#### [About this task]
Reproduce exactly, and solely, the lines running from the top of the data below through the line with "7. 겉감과 안감을 겉끼리 대고 위아래를 박음질합니다.", both inclusive. Omit pictures.

#### [Records supplied]
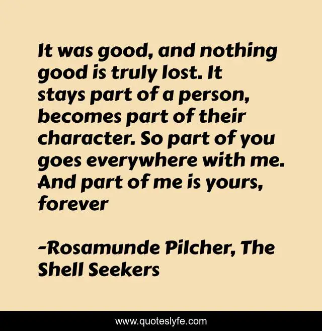 This page presents the quote "It was good, and nothing good is truly lost. It stays part of a person, becomes part of their character. So part of you goes everywhere with me. And part of me is yours, forever". Author of this quote is Rosamunde Pilcher, The Shell Seekers. This quote is about lovers, love, affection,.
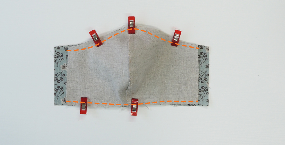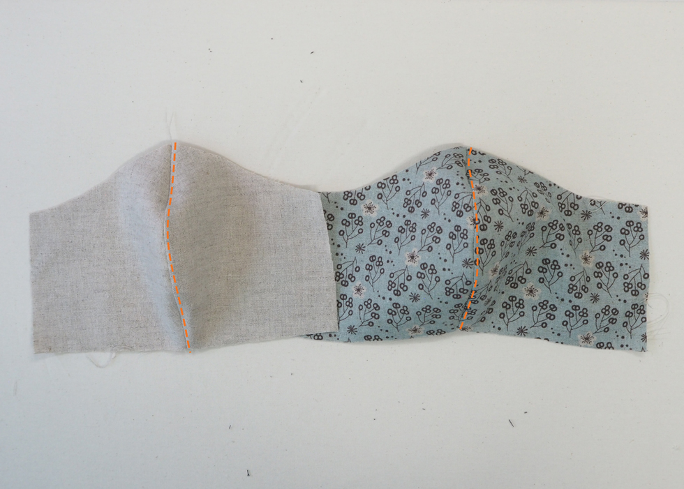 7. 겉감과 안감을 겉끼리 대고 위아래를 박음질합니다.
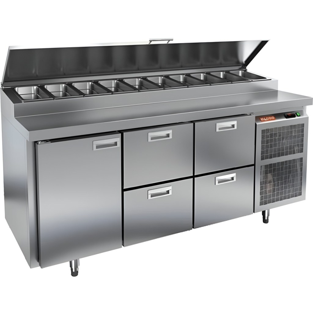 Каталог оборудования Холодильное оборудованиеСтолы охлаждаемыеСтолы холодильные для пиццыСтол холодильный для пиццы HiCold PZ1-122N (1/3) Стол холодильный для пиццы HiCold PZ1-122N (1/3) Код товара: 064-709 Поделиться: WhatsAppTelegram СравнитьДобавить в КПВ избранное 0 275 572 ₽ В корзину 0 шт Под заказСамовывоз сегодня бесплатно Взять в кредит Купить в лизинг Получить консультацию в WhatsApp Описание Характеристики Отзывы 0 Стол холодильный для пиццы HiCold PZ1-122GN (1/3) — профессиональное оборудование для предприятий общественного питания и торговли. Он сочетает рабочую поверхность для раскатки теста и подготовки ингредиентов с охлаждаемым блоком для кратковременного хранения скоропортящихся продуктов и напитков. Такое решение обеспечивает максимальное удобство — все необходимые компоненты всегда находятся под рукой. Корпус и столешница выполнены из нержавеющей стали, что гарантирует долговечность, устойчивость к повреждениям и лёгкость ухода. Основные особенности: Нержавеющая столешница и корпус — прочность, гигиеничность и лёгкость очистки Динамическая система охлаждения — равномерное распределение холода Автоматическая оттайка — стабильная работа без образования наледи Электронная панель управления — точная настройка температуры 1 дверца и 4 выдвижных ящика — удобная организация внутреннего пространства Автоматические доводчики дверцы и ящиков — комфорт при работе Легкозаменяемые магнитные уплотнители — поддержание герметичности Открытая агрегатная часть — лёгкий доступ для обслуживания Регулируемые по высоте ножки — установка на неровных поверхностях Максимальная глубина гастроёмкостей: 100 мм Глубина рабочей поверхности: 324 мм Толщина столешницы и теплоизоляции: 50 мм Вместимость салат-бара: до 10 гастроёмкостей Стол холодильный HiCold PZ1-122GN (1/3) — надёжный и функциональный холодильный стол для пиццы и салатов. Продуманная организация хранения и удобство эксплуатации обеспечивают быстрый доступ к ингредиентам и высокую производительность на профессиональной кухне.Изображение товара, представленного на фото, может отличаться от его фактического вида. Показать все Габаритные размеры1835×700×1000 ммДиапазон рабочей температурыот +2 до +10 °CРасположение агрегатаБоковое Материал столешницыНержавеющая Тип столаС дверьми и ящиками Тип двериГлухая Объём505 лТип гастроемкостейGN 1/3 Количество дверей1 штКоличество ящиков4 штРазмер полки530×325 ммНапряжение220 ВМощность0,5 кВтТип охлажденияДинамическое Тип оттайкиАвтоматическая Габариты в упаковке2000×850×1140 ммВес нетто172 кгВес брутто200 кгБрендHicoldВсе холодильные столы для пиццы HicoldВсе нержавеющие холодильные столы для пиццы Оставить отзыв Еще никто не оставил отзыв на этот товар Ранее просмотрено Под заказ 244 971 ₽ Стол холодильный для пиццы HiCold PZ1-112GN (1/3H)
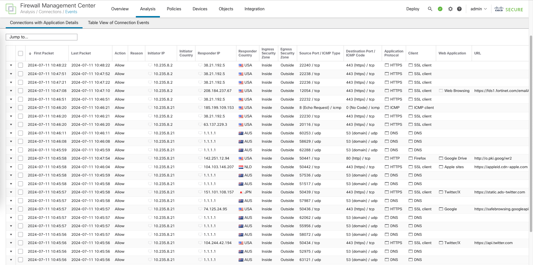 On FMC, go to Analysis » Events to see the traffic logs
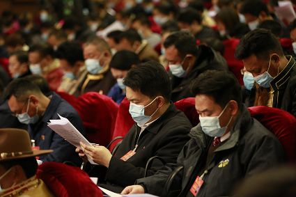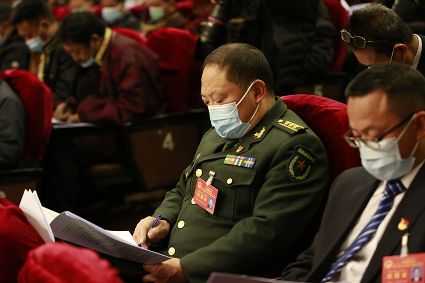 代表們認真聽取政府工作報告。
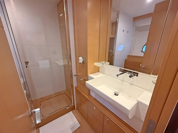 Accommodating 8 guests in four ensuite cabins and three crew members in two separate quarters, she is the ideal motor yacht for both private and commercial use. The generous exterior spaces from the cockpit and the hydraulic swim platform to the impressive flybridge and the bow sunbathing area are combined with interior spaces filled with natural light, not only in the salon, but also in the cabins.
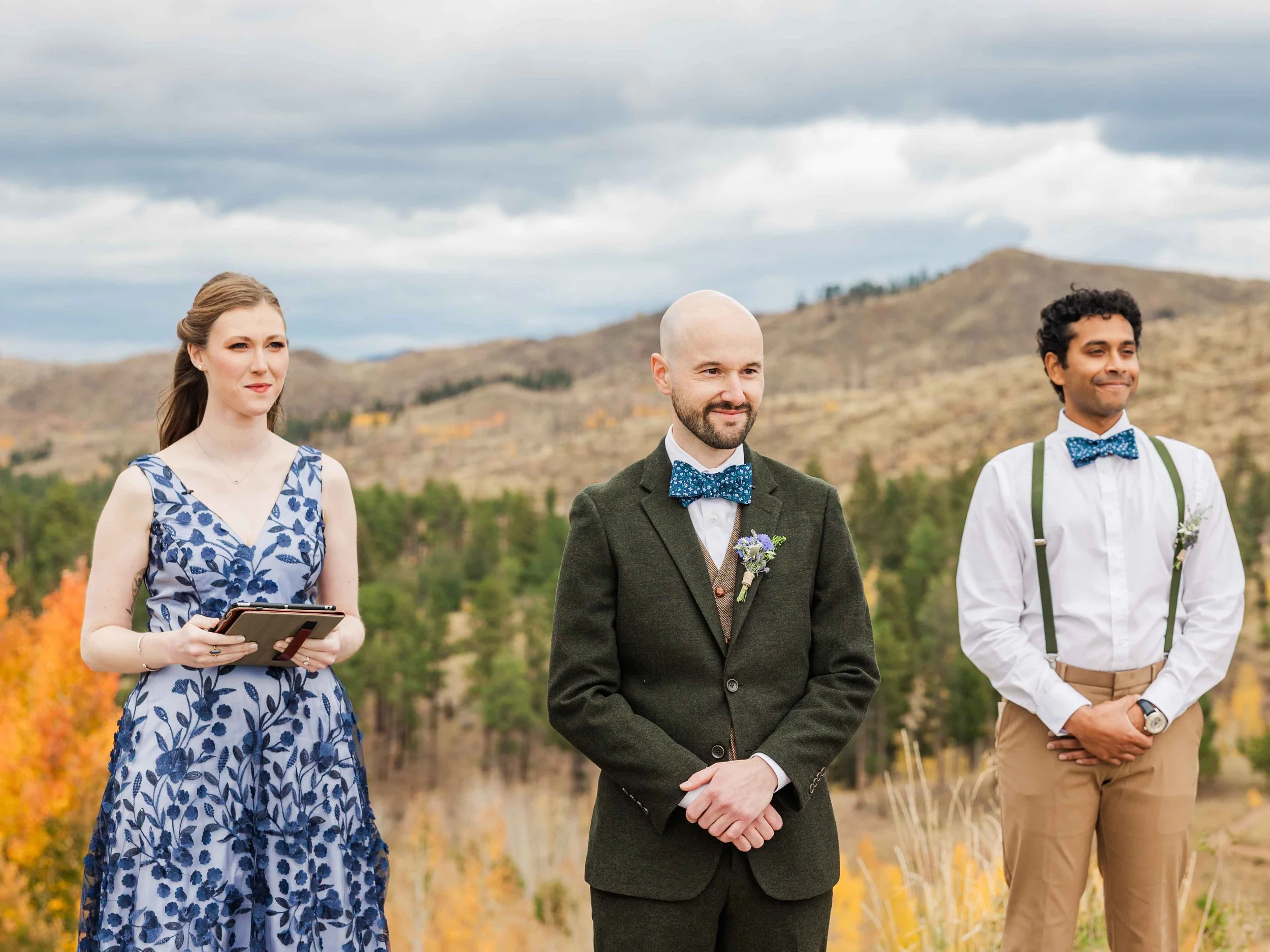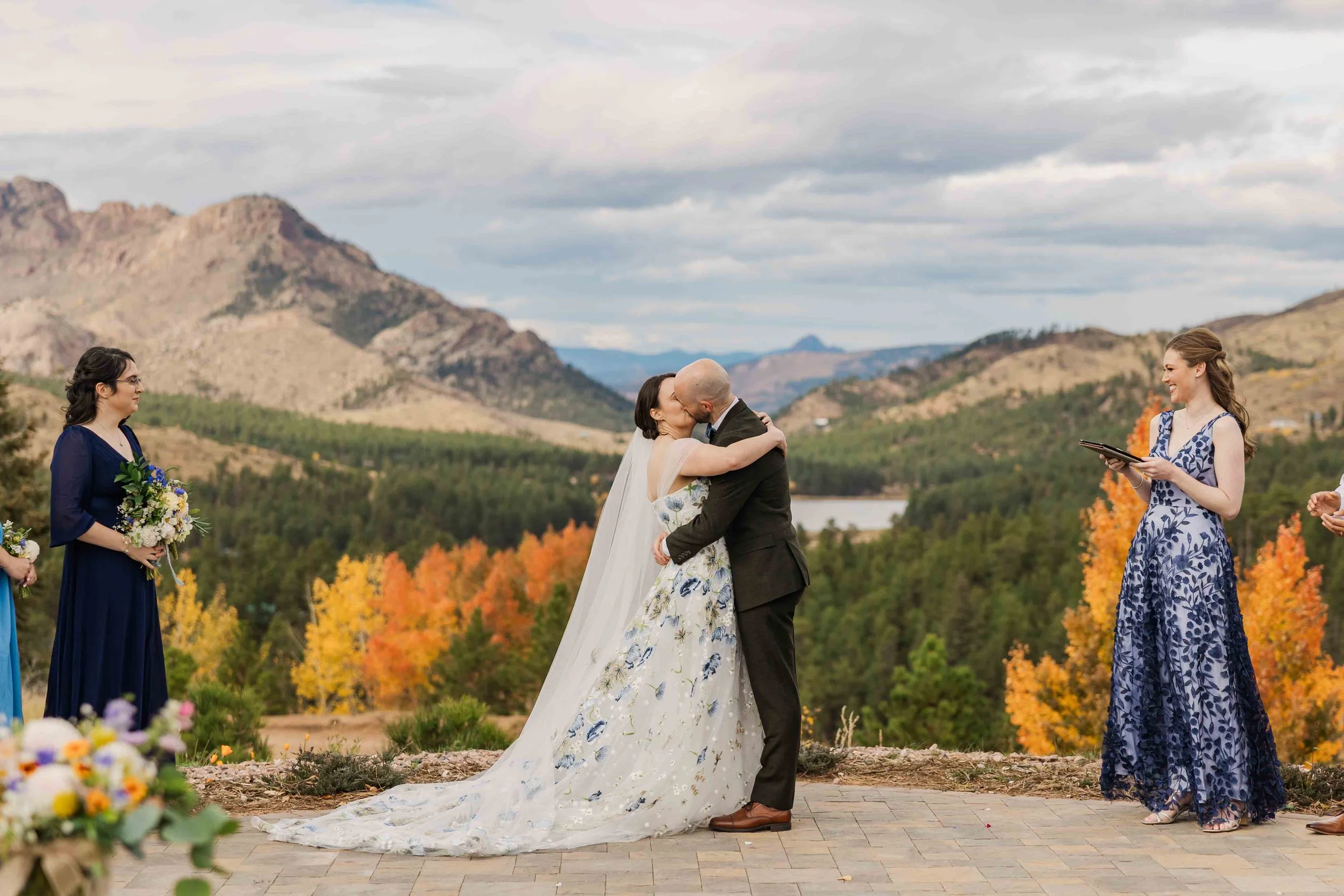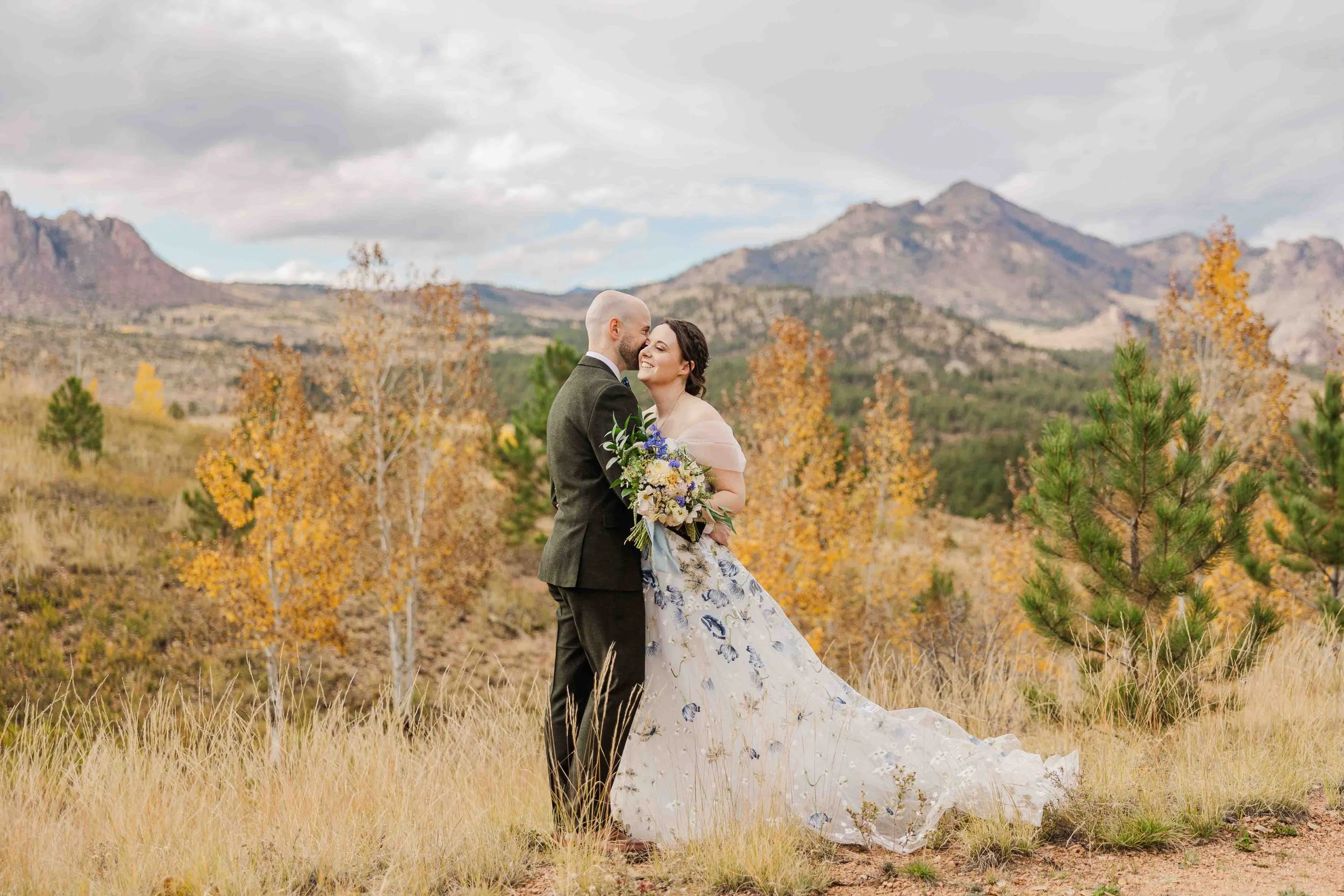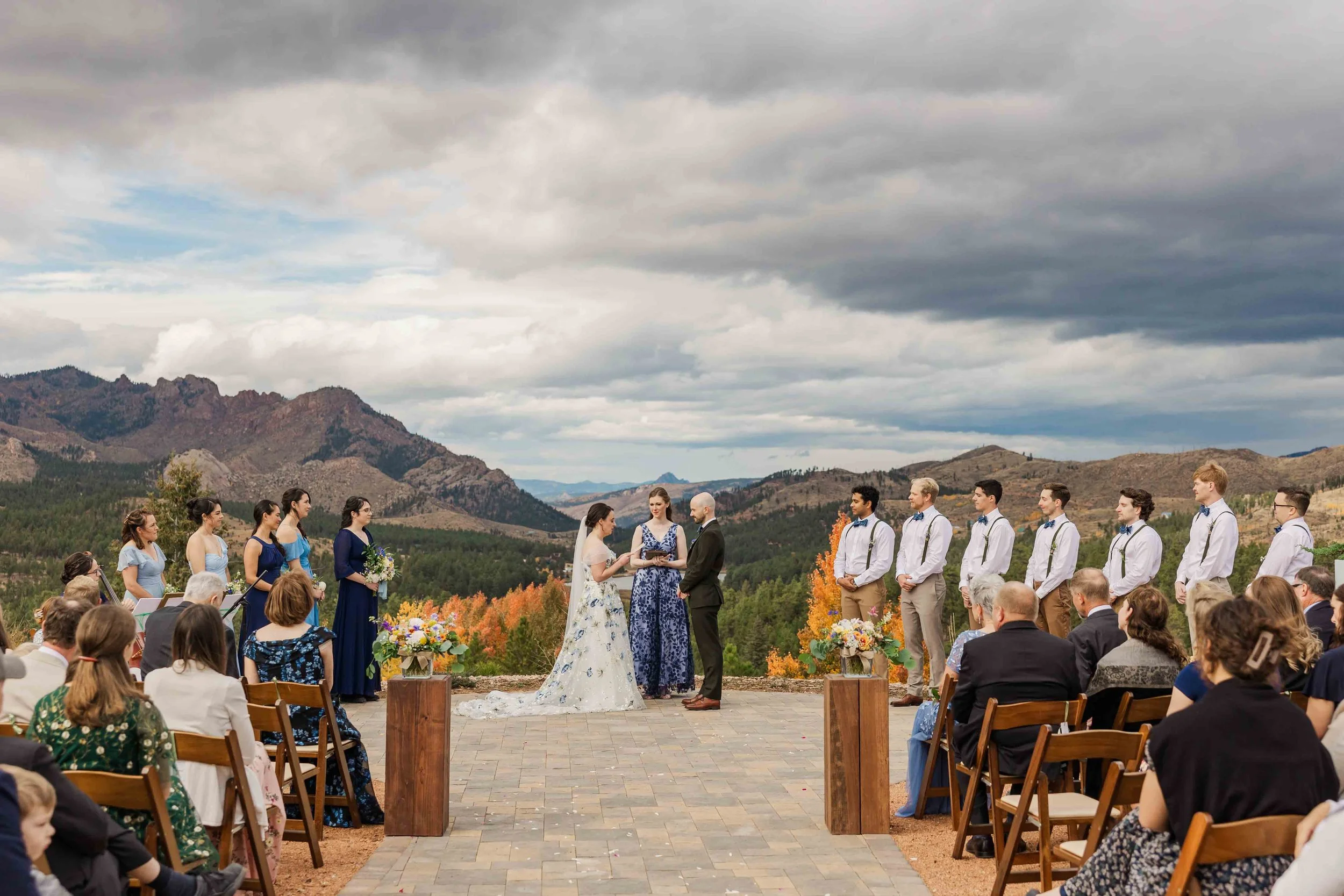 Choosing fall for a Colorado wedding brings an extra level of magic to a wedding day. The golden color of the trees creates a breathtaking backdrop, in Erin and Henk's case, perfectly complimenting the blues in their wedding attire.

#### [Expected output]
 This page presents the quote "It was good, and nothing good is truly lost. It stays part of a person, becomes part of their character. So part of you goes everywhere with me. And part of me is yours, forever". Author of this quote is Rosamunde Pilcher, The Shell Seekers. This quote is about lovers, love, affection,.
 7. 겉감과 안감을 겉끼리 대고 위아래를 박음질합니다.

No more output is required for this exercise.